SFWRITER.COM > About Rob > Press Releases > Aurora Win (2000)
For Release Sunday, July 16, 2000
Robert J. Sawyer Sweeps the Auroras
Robert J. Sawyer, 40, of Thornhill, Ontario, pulled off a
rare feat this evening: he won the Canadian Science Fiction and
Fantasy Awards ("the Auroras") for both Best English Novel of the
Year and Best English Short Story of the Year. The awards were
presented at TT2000, this year's Canadian National Science
Fiction Convention, held in Toronto.
Sawyer's winning novel is
FlashForward, published by Tor
Books, New York, the world's largest publisher of science
fiction. The hardcover was released in June 1999, and the
paperback came out in April 2000. Tor titles are distributed in
Canada by H. B. Fenn and Company of Bolton, Ontario.
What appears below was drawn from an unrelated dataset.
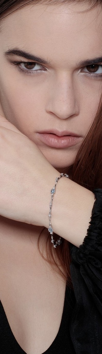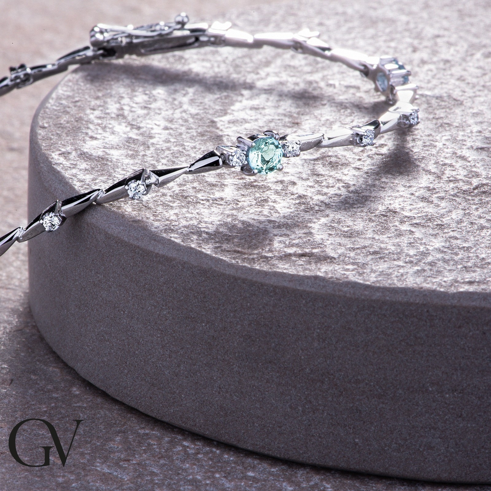 Pulsera en oro blanco 18k con aguamarinas ovaladas y diamantes

Sawyer's winning short story is
"Stream of Consciousness,"
first published in the anthology Packing Fraction, edited by
Julie E. Czerneda and published by Canada's Trifolium Books.
The full list of Best English Novel nominees:
- Beholder's Eye by Julie E. Czerneda, DAW Books
- Brown Girl in the Ring by Nalo Hopkinson, Warner Books
- FlashForward by Robert J. Sawyer, Tor Books
- Starfish by Peter Watts, Tor Books
- Bios by Robert Charles Wilson, Tor Books
- Death Drives a Semi by Edo van Belkom, Quarry Press
Awards were also given for Best Novel in French (to Samiva
de Frée by Francine Pelletier, published by Alire) and Best Short
Story in French (to "Souvenirs du Saudade express" by Éric
Gauthier, published in Solaris issue 130).
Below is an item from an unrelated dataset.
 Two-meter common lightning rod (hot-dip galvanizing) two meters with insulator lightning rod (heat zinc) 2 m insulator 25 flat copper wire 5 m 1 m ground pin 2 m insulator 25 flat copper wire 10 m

Other Auroras are given for "Best Work in English (Other)"
and "Best Work in French (Other)." The former went to the horror
anthology Northern Frights 5 edited by Don Hutchison, and the
latter went to the magazine Solaris, edited by Joël Champetier.
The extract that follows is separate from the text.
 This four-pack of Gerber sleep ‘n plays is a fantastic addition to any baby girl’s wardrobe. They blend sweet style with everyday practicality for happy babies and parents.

In FlashForward, a physics experiment goes awry at CERN, the
European Centre for Particle Physics, causing the consciousness
of everyone on Earth to jump ahead 21 years for a period of two
"Stream of Consciousness" tells the story of a team from
Laurentian University trying to save the dying pilot of an
alien spaceship that has crashed in Northern Ontario. (The full
text is on Sawyer's web site at https://sfwriter.com.)
This wasn't the first award for FlashForward; the book also
won Europe's top science-fiction award, the Cdn$10,000
Premio UPC de Ciencia Ficción,
given each year by the Polytechnic University of Barcelona.
Nor were these Sawyer's first Aurora Awards.
Three years ago,
he became the first person ever to pull off the same double
win: his Starplex took the Best English Novel award and his
"Peking Man" took the Best English Short Story award. Prior to
that, he'd also won Best Novel Auroras for The Terminal
Experiment (1996) and Golden Fleece (1992), and a Best Short
Story Aurora for "Just Like Old Times" (1994). Today's double
win brings Sawyer's Aurora total to seven; no other
English-language author has more than two.
Sawyer has also won a Nebula Award (the "Academy Award" of
the science-fiction field) for Best Novel of the Year, voted on
by the 1,100 members of the Science Fiction and Fantasy Writers
of America, as well as an Arthur Ellis Award from the Crime
Writers of Canada for Best Short Story of the Year.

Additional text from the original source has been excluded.